**What is needed**
Among the lines below, the one containing "aproximado 2 g" opens the range and the one containing "- A Brand With" closes it. Print that range exactly, without the pictures.

==== Records shown ====

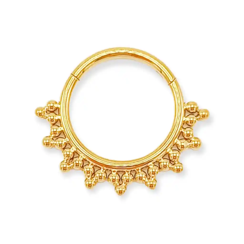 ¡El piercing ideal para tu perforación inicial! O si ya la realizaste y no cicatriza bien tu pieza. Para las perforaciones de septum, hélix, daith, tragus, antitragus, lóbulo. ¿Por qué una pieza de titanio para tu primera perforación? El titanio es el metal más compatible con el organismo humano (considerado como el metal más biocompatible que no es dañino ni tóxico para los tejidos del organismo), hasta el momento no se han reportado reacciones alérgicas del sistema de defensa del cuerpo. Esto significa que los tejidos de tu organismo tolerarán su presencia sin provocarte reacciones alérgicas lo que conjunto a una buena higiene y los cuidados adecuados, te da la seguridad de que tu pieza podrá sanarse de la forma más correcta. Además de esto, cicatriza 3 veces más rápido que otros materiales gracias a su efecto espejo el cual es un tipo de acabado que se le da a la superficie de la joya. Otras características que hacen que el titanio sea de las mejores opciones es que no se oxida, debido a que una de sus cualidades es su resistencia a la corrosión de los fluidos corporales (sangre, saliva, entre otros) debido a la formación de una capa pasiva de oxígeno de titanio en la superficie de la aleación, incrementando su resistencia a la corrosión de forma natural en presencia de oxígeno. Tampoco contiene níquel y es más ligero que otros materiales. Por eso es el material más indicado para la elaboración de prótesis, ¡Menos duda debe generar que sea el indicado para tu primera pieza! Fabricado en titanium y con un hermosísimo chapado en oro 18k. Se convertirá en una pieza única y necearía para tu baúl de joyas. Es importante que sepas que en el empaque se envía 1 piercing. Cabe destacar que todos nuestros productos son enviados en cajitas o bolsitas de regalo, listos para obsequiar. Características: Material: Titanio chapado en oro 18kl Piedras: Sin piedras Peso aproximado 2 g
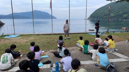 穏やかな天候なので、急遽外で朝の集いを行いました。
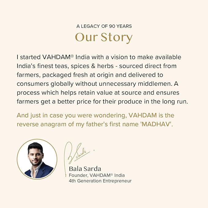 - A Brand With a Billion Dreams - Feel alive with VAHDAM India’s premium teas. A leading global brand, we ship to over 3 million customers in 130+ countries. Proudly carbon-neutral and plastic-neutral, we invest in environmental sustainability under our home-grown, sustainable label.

====
==== Records shown ====

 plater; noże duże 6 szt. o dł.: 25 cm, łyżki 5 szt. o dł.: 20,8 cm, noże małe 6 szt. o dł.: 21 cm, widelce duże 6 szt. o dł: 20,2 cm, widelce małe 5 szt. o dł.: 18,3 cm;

====
==== Records shown ====

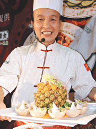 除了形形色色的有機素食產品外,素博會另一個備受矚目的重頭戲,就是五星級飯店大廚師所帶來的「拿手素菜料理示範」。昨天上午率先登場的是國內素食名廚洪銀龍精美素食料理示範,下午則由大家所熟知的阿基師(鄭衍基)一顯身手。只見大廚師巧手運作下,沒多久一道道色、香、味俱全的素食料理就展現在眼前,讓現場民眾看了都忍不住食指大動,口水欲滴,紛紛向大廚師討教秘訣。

====

**Answer for this exercise**
 ¡El piercing ideal para tu perforación inicial! O si ya la realizaste y no cicatriza bien tu pieza. Para las perforaciones de septum, hélix, daith, tragus, antitragus, lóbulo. ¿Por qué una pieza de titanio para tu primera perforación? El titanio es el metal más compatible con el organismo humano (considerado como el metal más biocompatible que no es dañino ni tóxico para los tejidos del organismo), hasta el momento no se han reportado reacciones alérgicas del sistema de defensa del cuerpo. Esto significa que los tejidos de tu organismo tolerarán su presencia sin provocarte reacciones alérgicas lo que conjunto a una buena higiene y los cuidados adecuados, te da la seguridad de que tu pieza podrá sanarse de la forma más correcta. Además de esto, cicatriza 3 veces más rápido que otros materiales gracias a su efecto espejo el cual es un tipo de acabado que se le da a la superficie de la joya. Otras características que hacen que el titanio sea de las mejores opciones es que no se oxida, debido a que una de sus cualidades es su resistencia a la corrosión de los fluidos corporales (sangre, saliva, entre otros) debido a la formación de una capa pasiva de oxígeno de titanio en la superficie de la aleación, incrementando su resistencia a la corrosión de forma natural en presencia de oxígeno. Tampoco contiene níquel y es más ligero que otros materiales. Por eso es el material más indicado para la elaboración de prótesis, ¡Menos duda debe generar que sea el indicado para tu primera pieza! Fabricado en titanium y con un hermosísimo chapado en oro 18k. Se convertirá en una pieza única y necearía para tu baúl de joyas. Es importante que sepas que en el empaque se envía 1 piercing. Cabe destacar que todos nuestros productos son enviados en cajitas o bolsitas de regalo, listos para obsequiar. Características: Material: Titanio chapado en oro 18kl Piedras: Sin piedras Peso aproximado 2 g
 穏やかな天候なので、急遽外で朝の集いを行いました。
 - A Brand With a Billion Dreams - Feel alive with VAHDAM India’s premium teas. A leading global brand, we ship to over 3 million customers in 130+ countries. Proudly carbon-neutral and plastic-neutral, we invest in environmental sustainability under our home-grown, sustainable label.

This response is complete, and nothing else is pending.